═══ Records for the exercise ═══

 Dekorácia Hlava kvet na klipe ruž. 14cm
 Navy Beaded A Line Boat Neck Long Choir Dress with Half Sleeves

═══
═══ Records for the exercise ═══

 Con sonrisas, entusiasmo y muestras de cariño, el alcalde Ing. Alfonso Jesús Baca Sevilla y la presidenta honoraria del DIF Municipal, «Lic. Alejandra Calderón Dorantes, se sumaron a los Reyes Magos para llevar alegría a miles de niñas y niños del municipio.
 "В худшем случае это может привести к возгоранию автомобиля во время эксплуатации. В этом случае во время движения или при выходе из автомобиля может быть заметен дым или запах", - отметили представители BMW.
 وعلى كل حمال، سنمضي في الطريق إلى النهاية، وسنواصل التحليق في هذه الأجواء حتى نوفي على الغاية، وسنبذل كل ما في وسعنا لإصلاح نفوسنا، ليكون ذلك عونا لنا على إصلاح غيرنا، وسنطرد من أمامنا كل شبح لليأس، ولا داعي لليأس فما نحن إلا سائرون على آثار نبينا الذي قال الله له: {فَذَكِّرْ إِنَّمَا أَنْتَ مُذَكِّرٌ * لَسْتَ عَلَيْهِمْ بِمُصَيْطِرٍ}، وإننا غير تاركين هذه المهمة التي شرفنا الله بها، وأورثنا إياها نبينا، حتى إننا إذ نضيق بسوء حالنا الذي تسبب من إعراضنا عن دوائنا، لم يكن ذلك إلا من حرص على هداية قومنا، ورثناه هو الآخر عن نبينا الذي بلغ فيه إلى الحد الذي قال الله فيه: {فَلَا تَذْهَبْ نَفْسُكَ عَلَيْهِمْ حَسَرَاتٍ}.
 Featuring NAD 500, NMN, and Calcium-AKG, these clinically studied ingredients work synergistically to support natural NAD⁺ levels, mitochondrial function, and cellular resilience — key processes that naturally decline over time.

═══
═══ Records for the exercise ═══

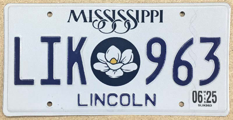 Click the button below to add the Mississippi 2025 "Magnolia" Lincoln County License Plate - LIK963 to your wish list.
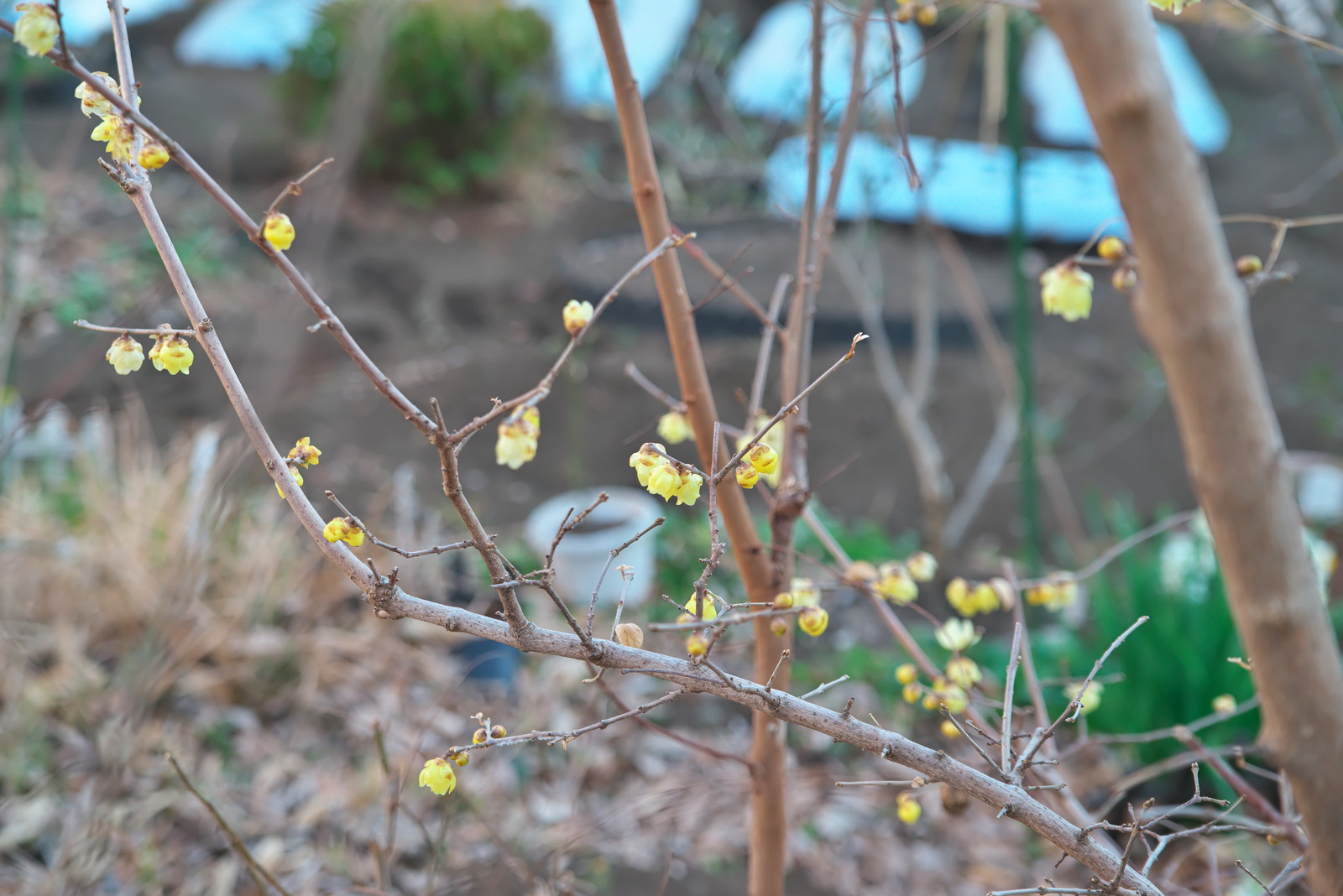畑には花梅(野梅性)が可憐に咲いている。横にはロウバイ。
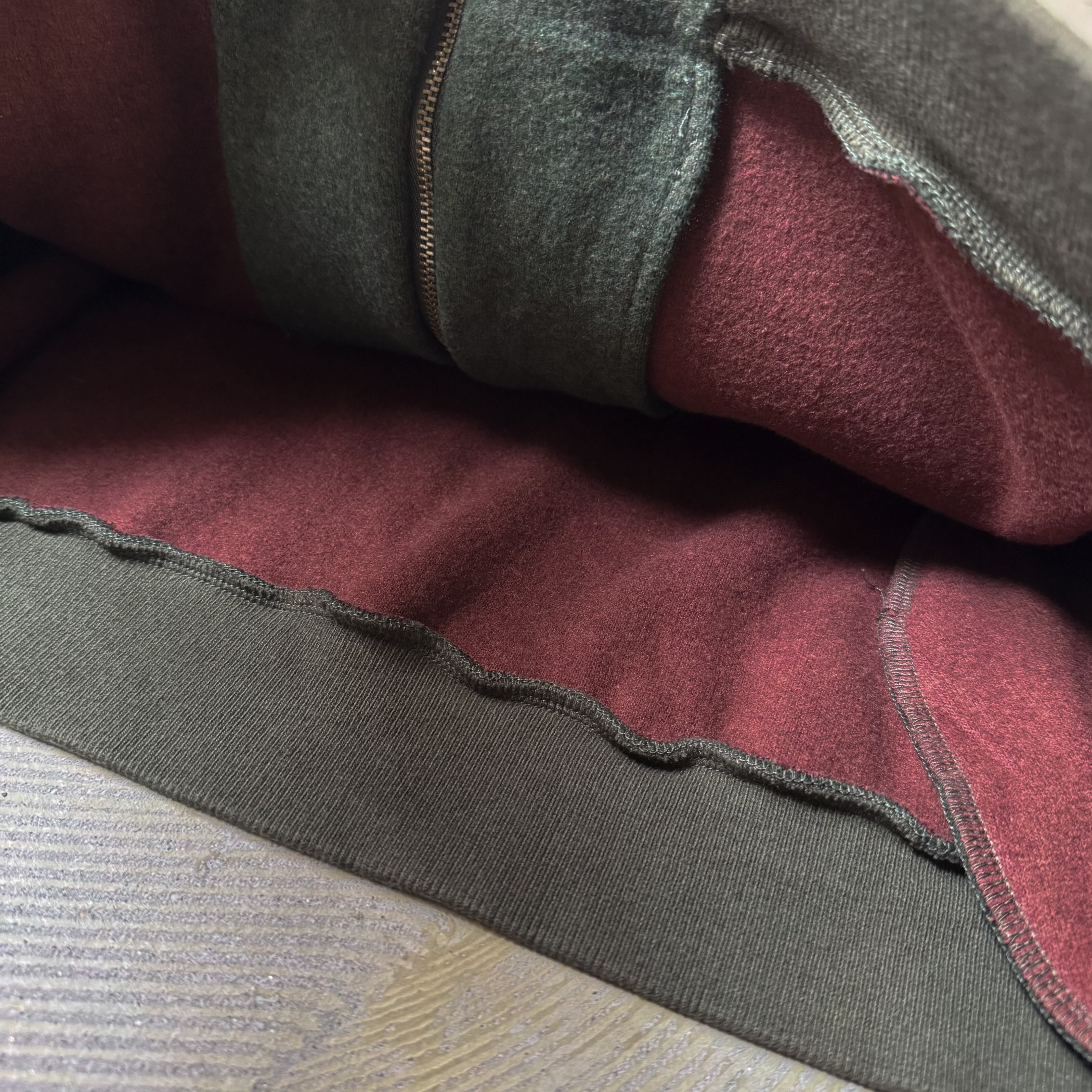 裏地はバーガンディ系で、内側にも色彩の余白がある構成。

═══

Look above for the line with "Dekorácia Hlava kvet na klipe ruž. 14cm" and the line with "Navy Beaded A". Write out those two lines and all the lines between them, exactly, and no others.

◆ **Solution to the problem**
 Dekorácia Hlava kvet na klipe ruž. 14cm
 Navy Beaded A Line Boat Neck Long Choir Dress with Half Sleeves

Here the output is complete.